*** Begin section ***

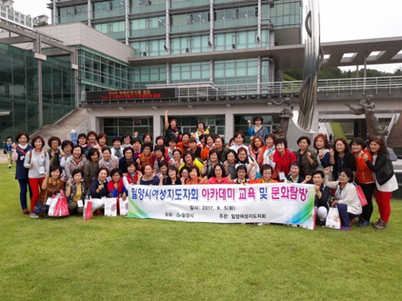 |  | | | ⓒ GBN 경북방송 | | 밀양여성지도자회(회장 곽병희) 회원 70여명이 ‘여성친화도시 포항’을 벤치마킹하고자 5일 포항시청 소회의실에서 여성아카데미 교육을 가졌다.
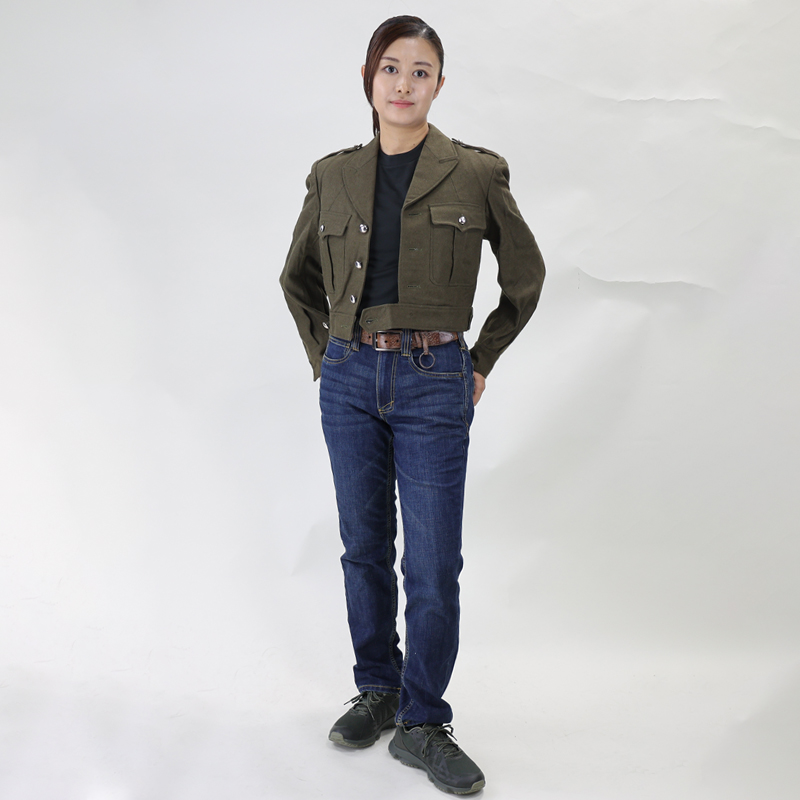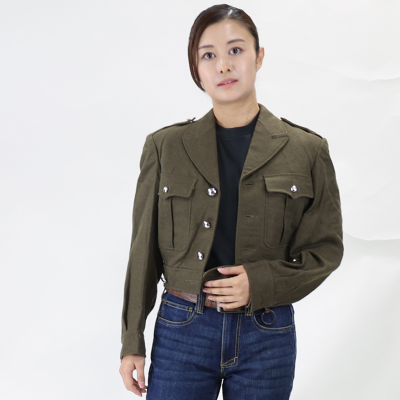 当時によく見られたウール素材で、丸みのあるシルバーカラーのボタンが付いています。
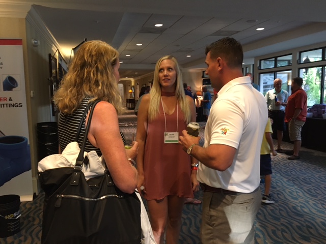 Conference chair Chris Stewart networks with past-president Mike Woodall, JWI, Inc. as Mike’s daughter Brooke Woodall listens.
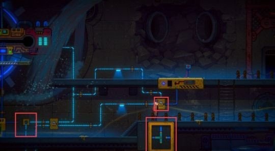 9、回到水车附近后,调整沿途两个方框中的电分流器,使电路流动与下图一致。最后按下左边的控制台,使水车完全运转。
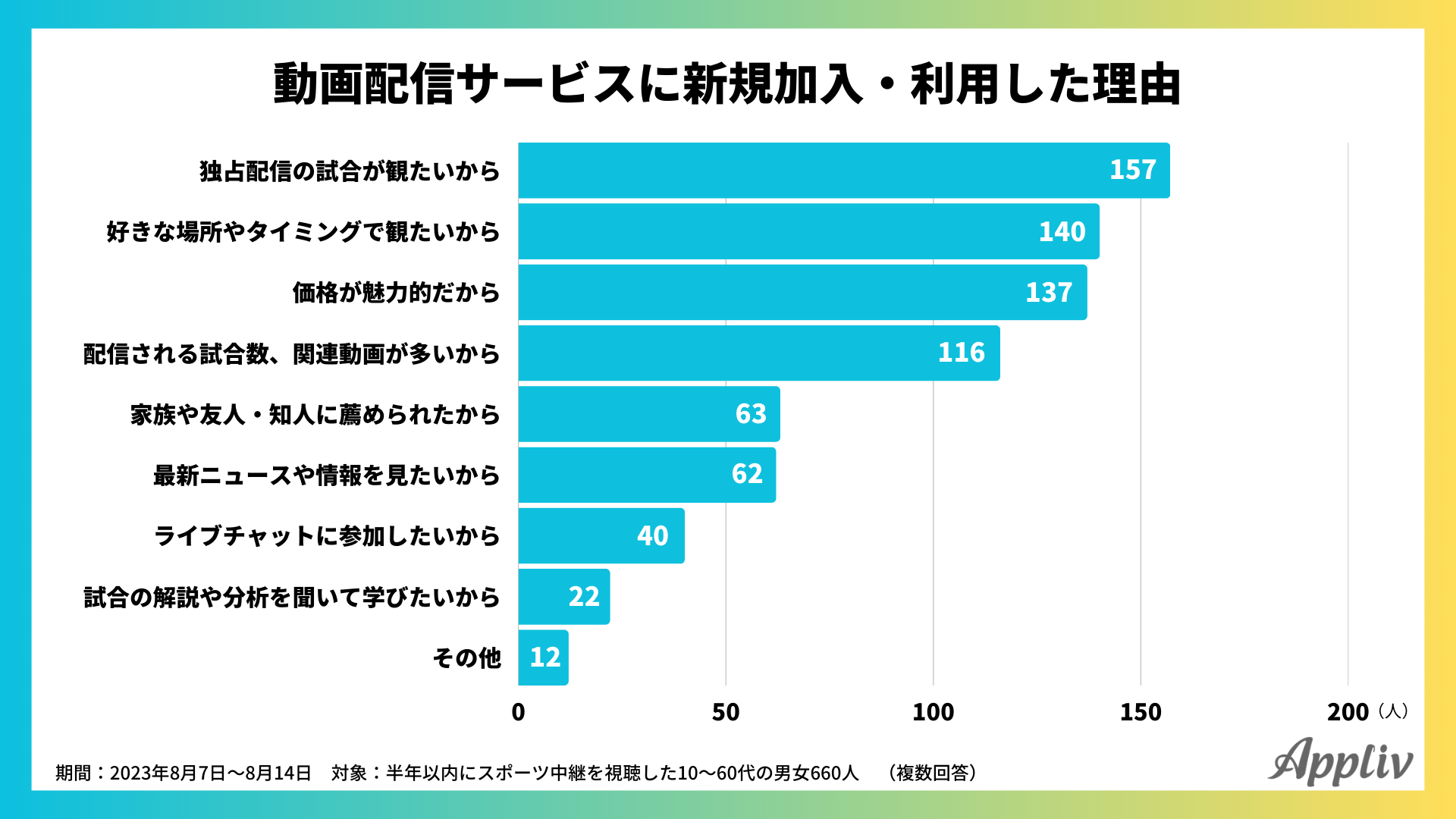 2番目は「自分の好きな場所やタイミングでスポーツ観戦したいから(140人)」、3番めは「価格が魅力的だから(137人)」と続きます。動画配信サービスの場合、スマホやPCなどテレビ以外のデバイスで視聴できることも、加入・利用する決め手になっていると考えられます。
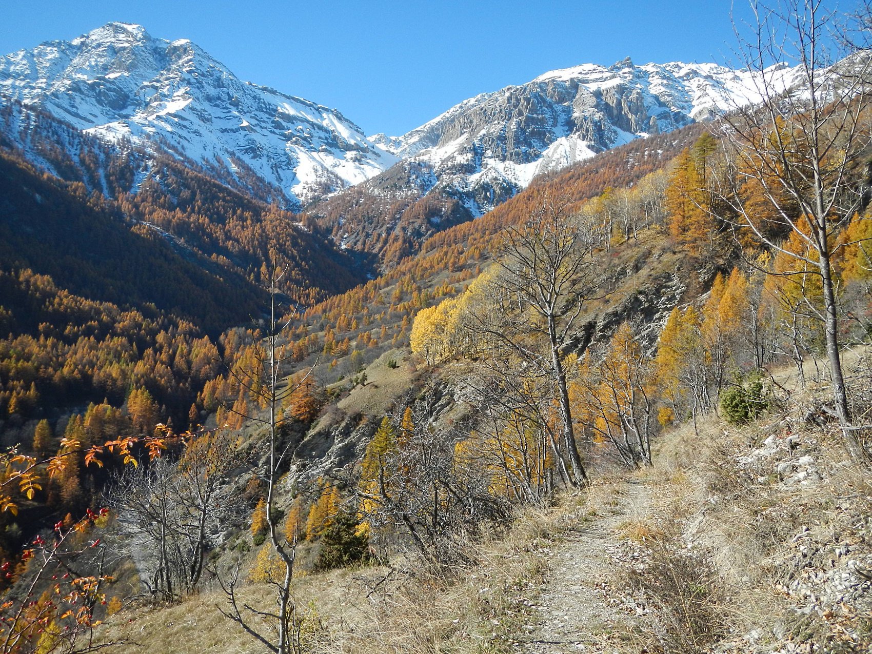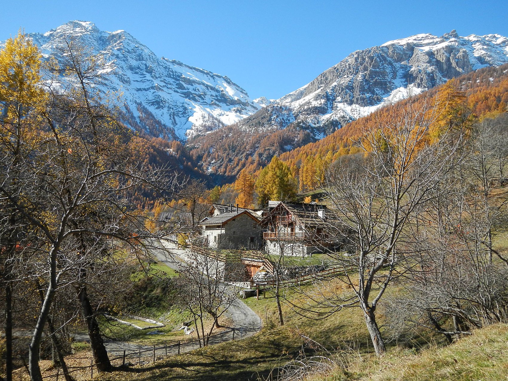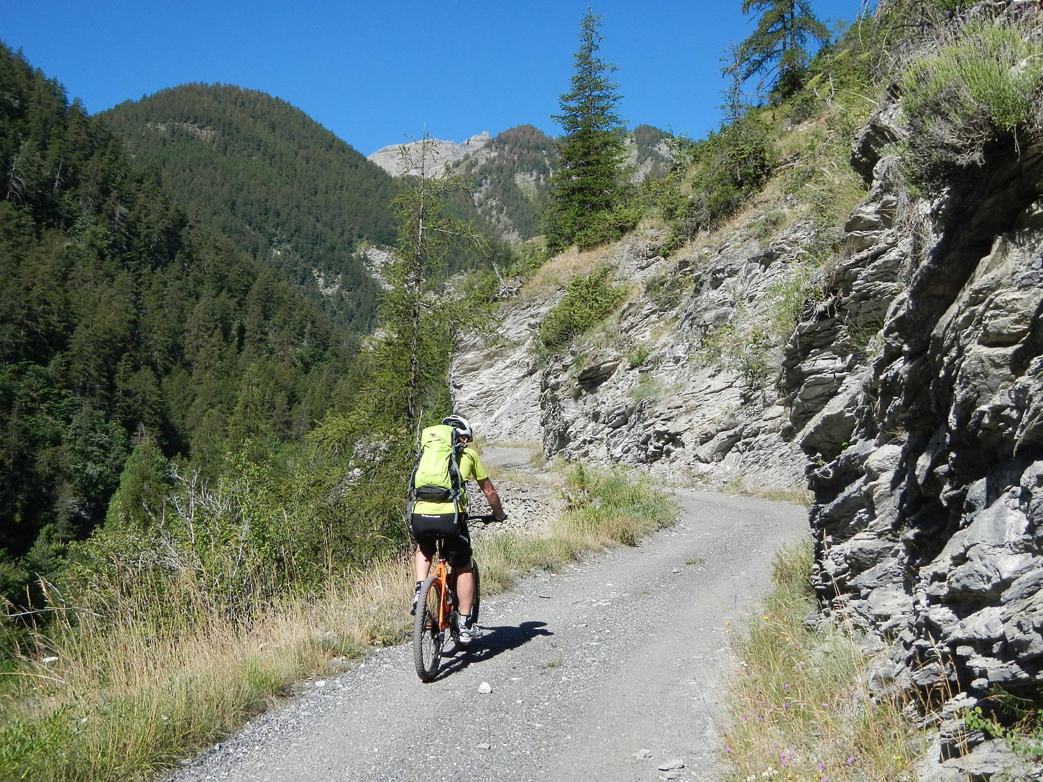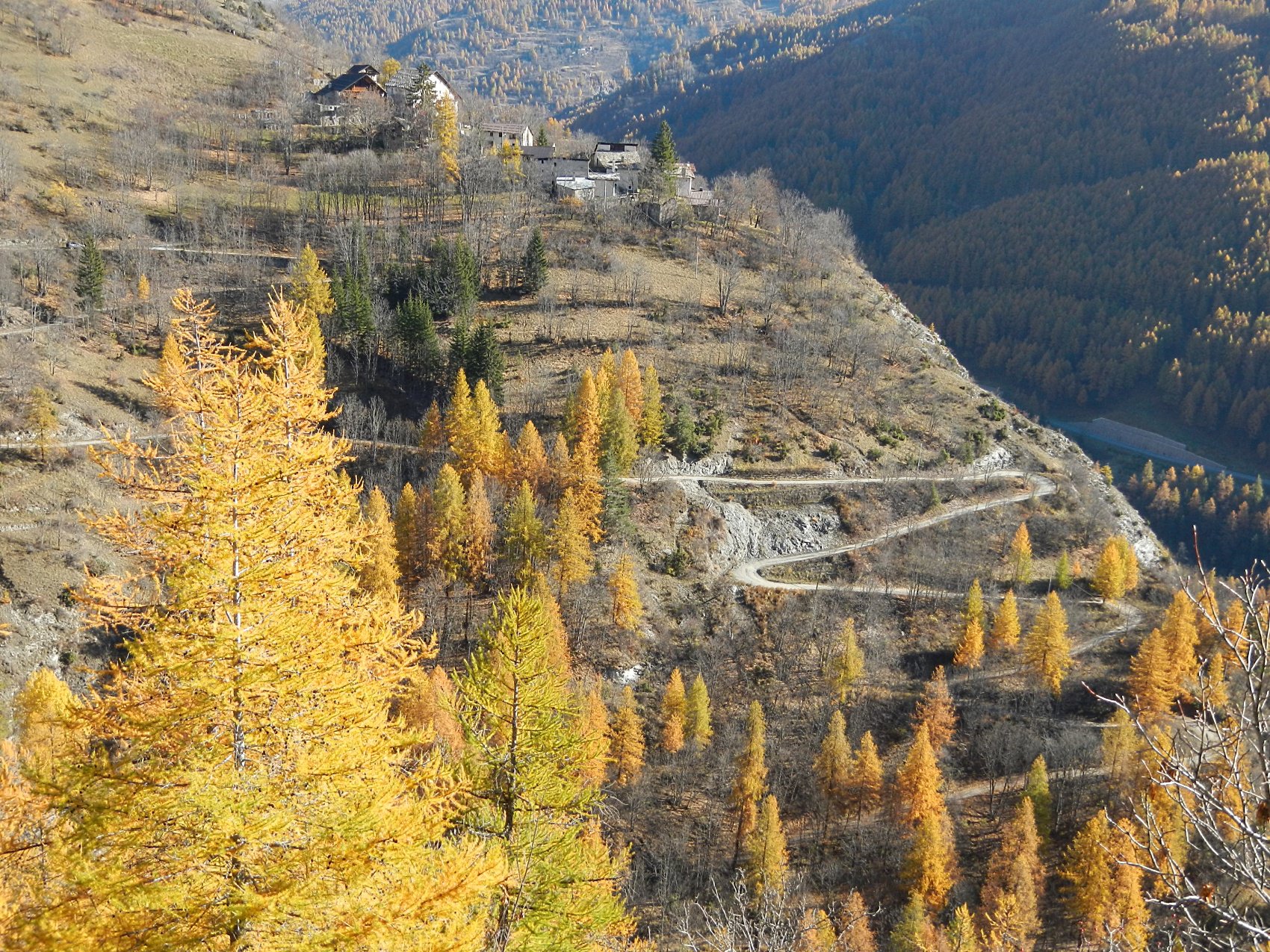 Al termine della borgata, dalla cappella di Sant’Antonio parte sulla sinistra una bella mulattiera, ben pedalabile, che attraversa il Vallone di Desertes, con tratti in leggera discesa-attraversamento di un ponticello-leggere risalite, fino ad un bivio con uno sterrato.
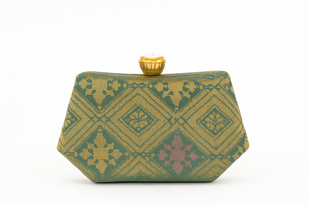 An elegant clamshell clutch using exclusive handwoven songket pieces by Bibah Songket. Heirloom songket pieces were used when making this clutch. This one-piece only clutch makes the ultimate handheld piece of heritage suitable for any occasion.
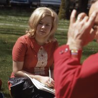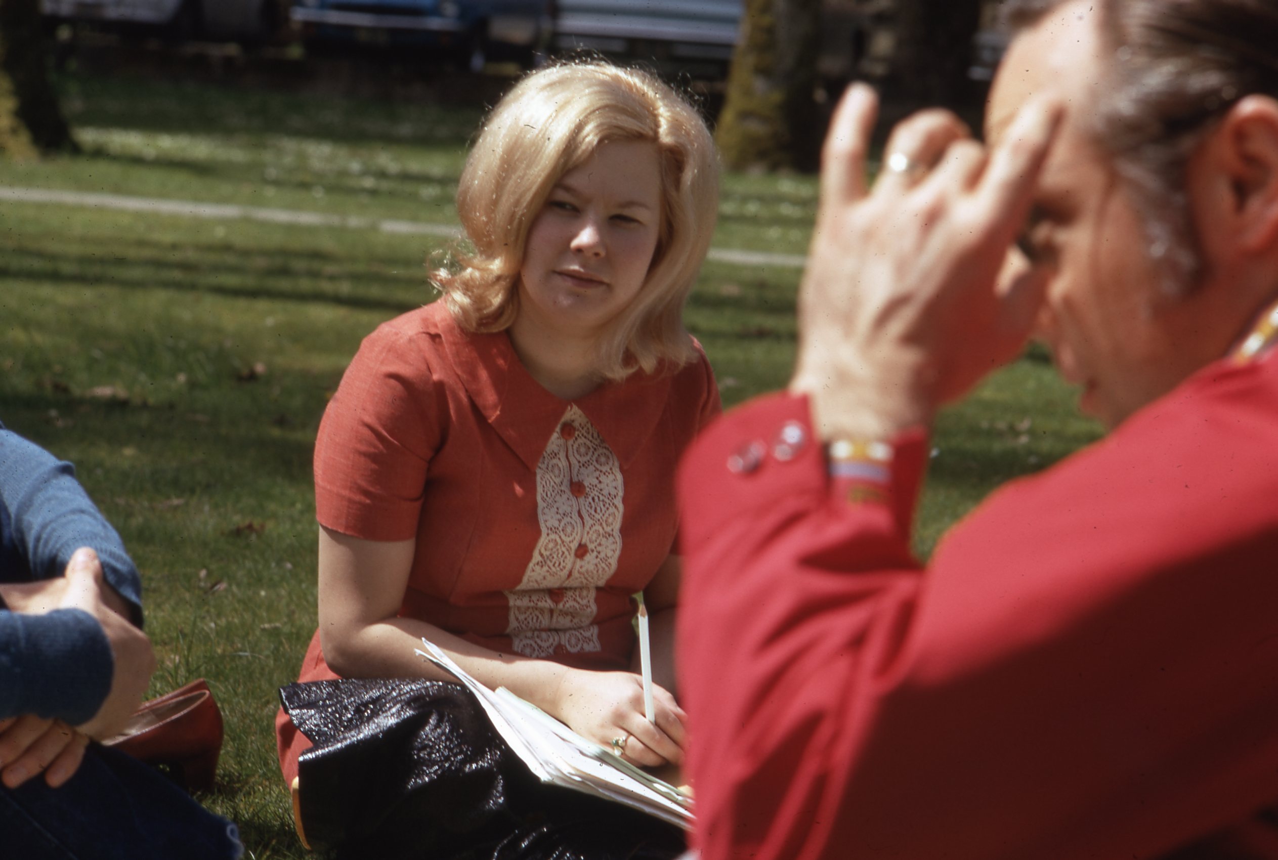 A student with blond hair sitting on the grass on the Pacific University campus, attending a class. She has papers and a pencil on her lap, while the professor is out of focus in the foreground. This photograph was taken by David Thompson, who may have been a staff photographer. The original slide was printed in May 1972.
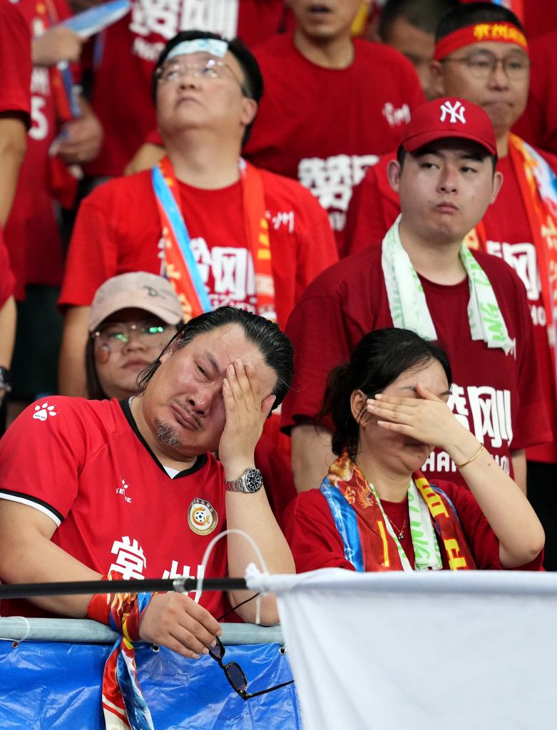 8月3日,“苏超”常州队客场0:5大比分负于盐城队赛后,常州球迷潸然泪下。新华社发(曹政 摄)
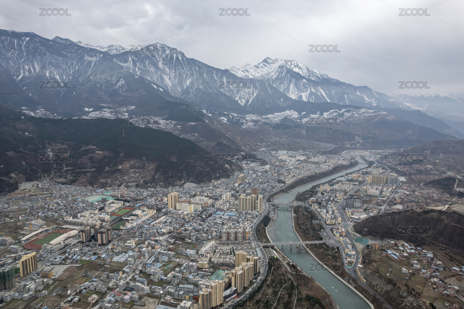 四川雅安理县雪山下的高原城市航拍
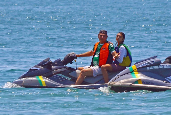 Mais recentes foram em uma pizzaria, onde posou para fotos e cumprimentou apoiadores e na cidade praiana catarinense, em um passeio de moto aquática
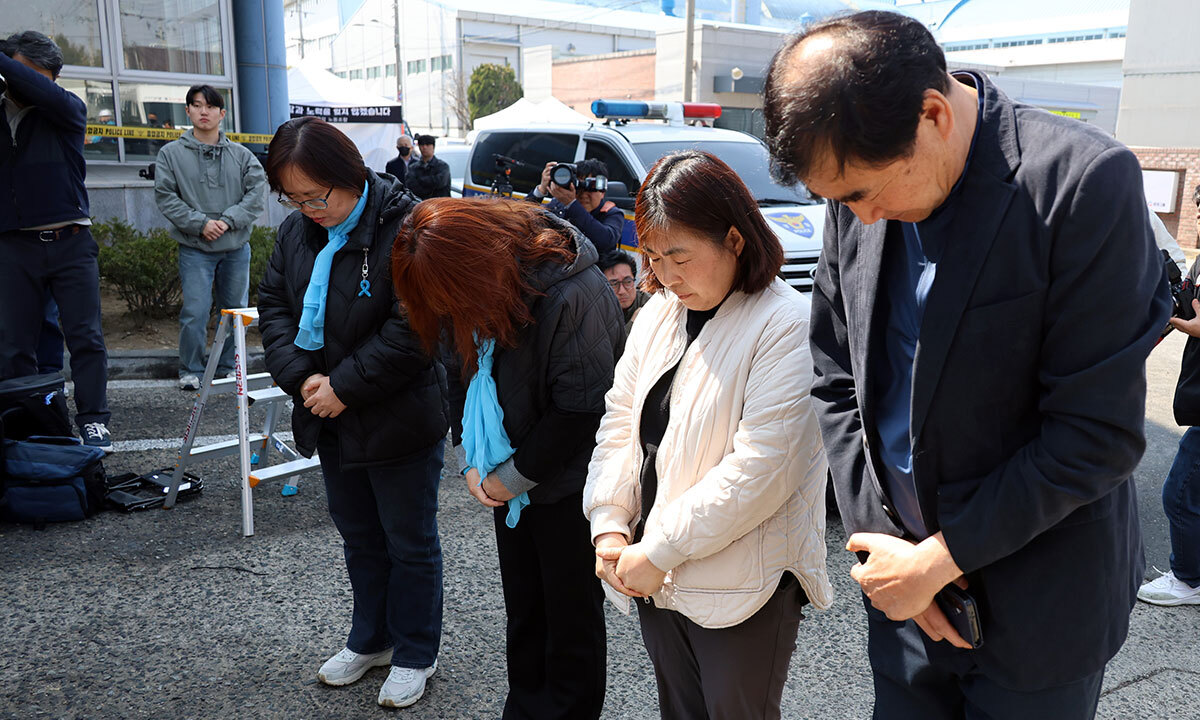 23일 대전 대덕구 안전공업 화재 참사 현장에서 경기 아리셀 공장 화재 참사 대책위·유족 대표들이 희생자들을 향해 묵념하고 있다.

*** End section ***

_The task:_ Verbatim, write out the line containing "Mais recentes foram" and all later lines through the end of the records, leaving every picture out.

_The answer:_
 Mais recentes foram em uma pizzaria, onde posou para fotos e cumprimentou apoiadores e na cidade praiana catarinense, em um passeio de moto aquática
 23일 대전 대덕구 안전공업 화재 참사 현장에서 경기 아리셀 공장 화재 참사 대책위·유족 대표들이 희생자들을 향해 묵념하고 있다.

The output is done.